3. Long-term Global Land Surface Phenology Product from AVHRR and MODIS (NASA)

Long-term global land surface phenology product is derived from the Advanced Very High Resolution Radiometer (AVHRR) and the Moderate Resolution Imaging Spectroradiometer (MODIS) data since 1981. Based on a dataset of daily enhanced vegetation index at a spatial resolution of 0.05 degrees, the seasonal vegetative trajectory for each individual pixel is reconstructed using a hybrid piecewise logistic model. The temporal trajectory is then used to detect a set of phenological metrics globally. The long-term phennology product is available at GSCE and can be obtained by request.

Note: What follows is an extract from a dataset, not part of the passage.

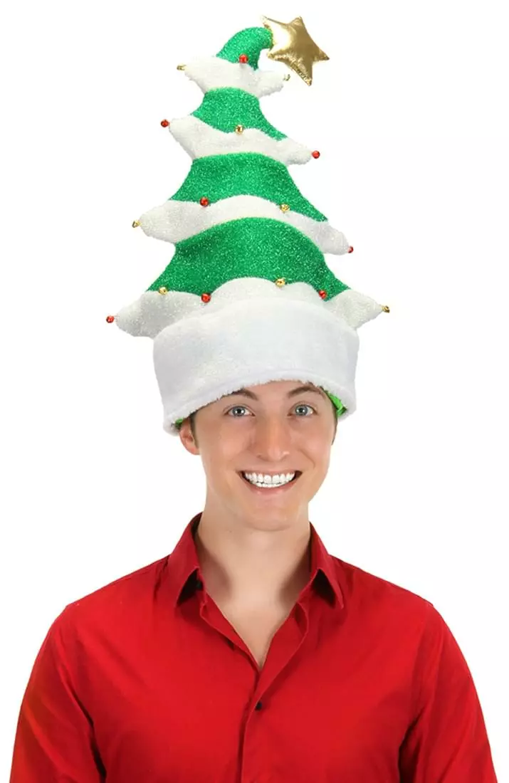 This Christmas tree hat is 21 inches tall with a spring built in to provide movement with the slightest turn of your head. This hat is made of green and white tinsel material for a shiny finish, and is embellished with metallic ornament lights and luxurious faux fur around the brim.

see ftp://bruin.sdstate.edu/ftp/XYZ/AVHRR_EVI2/

4. Monitoring Land Surface Vegetation Phenology from JPSS VIIRS (NOAA)

This project is to develop and validate real-time land surface vegetation phenology from JPSS VIIRS. The VIIRS phenology will characterize the nature, magnitude, and timing of ecosystem changes. While long-term phenology data serves the investigation of climate change, the VIIRS phenology will also provide relatively realistic data in real-time monitoring and short-term forecasting of vegetation phenology across North America to assist the land modeling and the crop growth monitoring.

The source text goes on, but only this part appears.